Total consolidated operating income during the quarter stood at ₹1,563.30 crore, an increase of 3.36 per cent against ₹ 1,512.53 crore reported in the year ago quarter. Consolidated assets under management (AUM) declined 2.33 per cent to ₹24,755.99 crore, from ₹25,345.83 crore a year ago.

The company’s gold loan portfolio posted a 6.75 per cent decline to ₹16,539.51 crore from ₹17,736.79 crore in the year ago quarter. The aggregate gold loans disbursed during the quarter amounted to ₹35,419.36 crore while the number of live gold loan customers stood at 24.1 lakhs as on June 30.

VP Nandakumar, MD & CEO, said, “We maintained our profitability in a challenging quarter that bore the brunt of the second wave when many of our branches suffered disruption due to local lockdowns. However, with the strong economic recovery now underway, we expect that the business volumes will regain growth momentum.”

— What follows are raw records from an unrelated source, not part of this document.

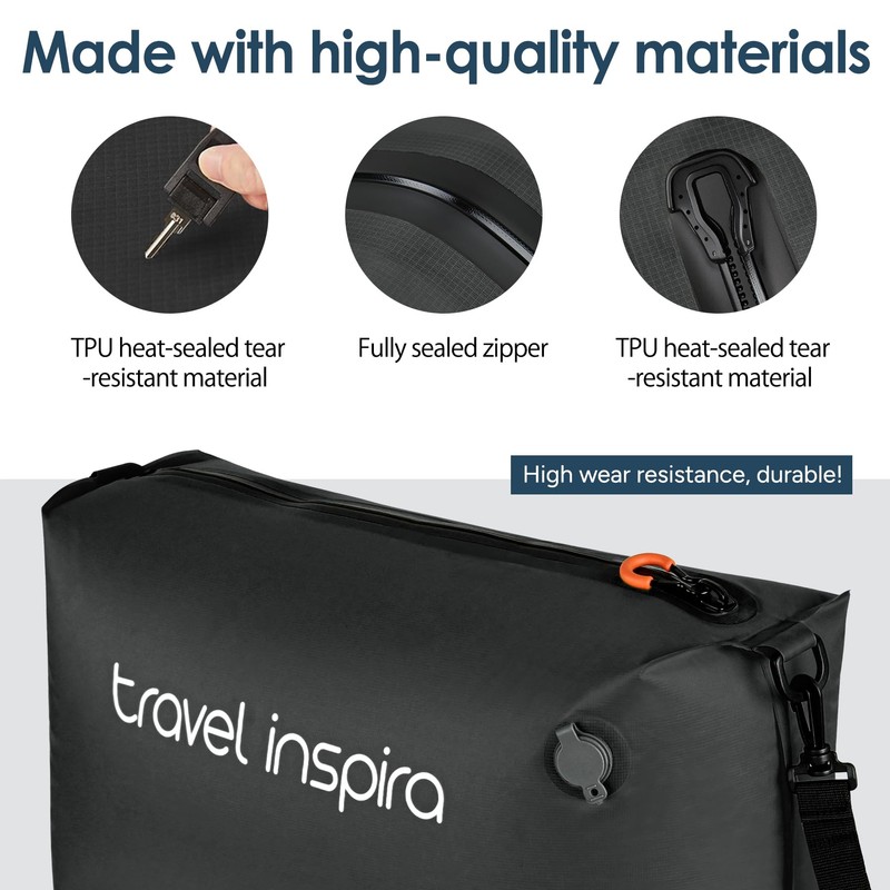 IP67 Waterproof Vacuum Compression Bags (1 Bag + Pump) - Travel Space Saver with Shoulder Strap, Black, Reusable for Luggage, Backpack, Suitcase
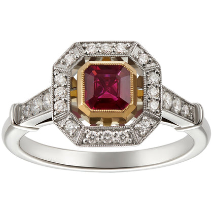 The Art Deco period was one of the most creative periods of jewellery manufacture in the 20th century. Our Art Deco cluster ring collection is created from original ring designs or from vintage rings we have collected over the decades. Geometric patterns using clear-cut, bold shapes characterized the rings of the 1920s and 1930s. There was often an architectural feeling to the Art Deco ring style.
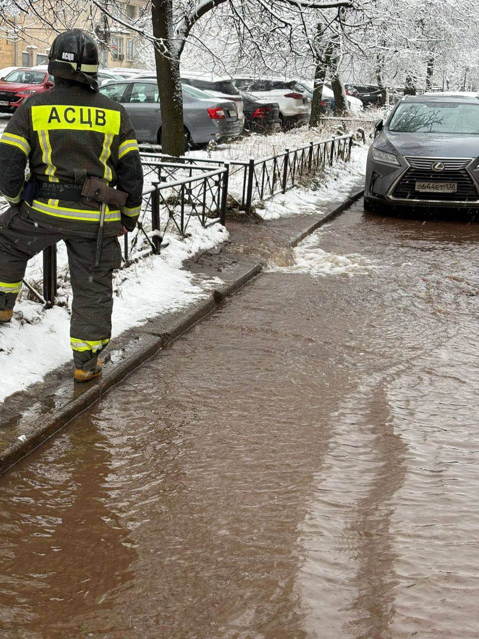 «Водоканал» устранил разлив в Кировском районе. Утром на Межевом канале прорвало трубу с холодной водой.

The company’s microfinance subsidiary, Asirvad Microfinance Ltd closed the quarter with an AUM of ₹6,052.60 crore, a growth of 20.13 per cent.

Manappuram Home Finance Ltd reported an AUM of ₹668.19 crore, while its Vehicles & Equipment Finance division ended the quarter with an AUM of ₹1,044.79 crore.

Average borrowing costs for the standalone entity went down during the quarter by 78 basis points to 8.61 per cent compared to the year ago quarter. Gross NPA stood at 1.97 per cent with net NPA reported at 1.62 per cent. The company’s consolidated net worth stood at ₹7,662.38 crore as of June 30.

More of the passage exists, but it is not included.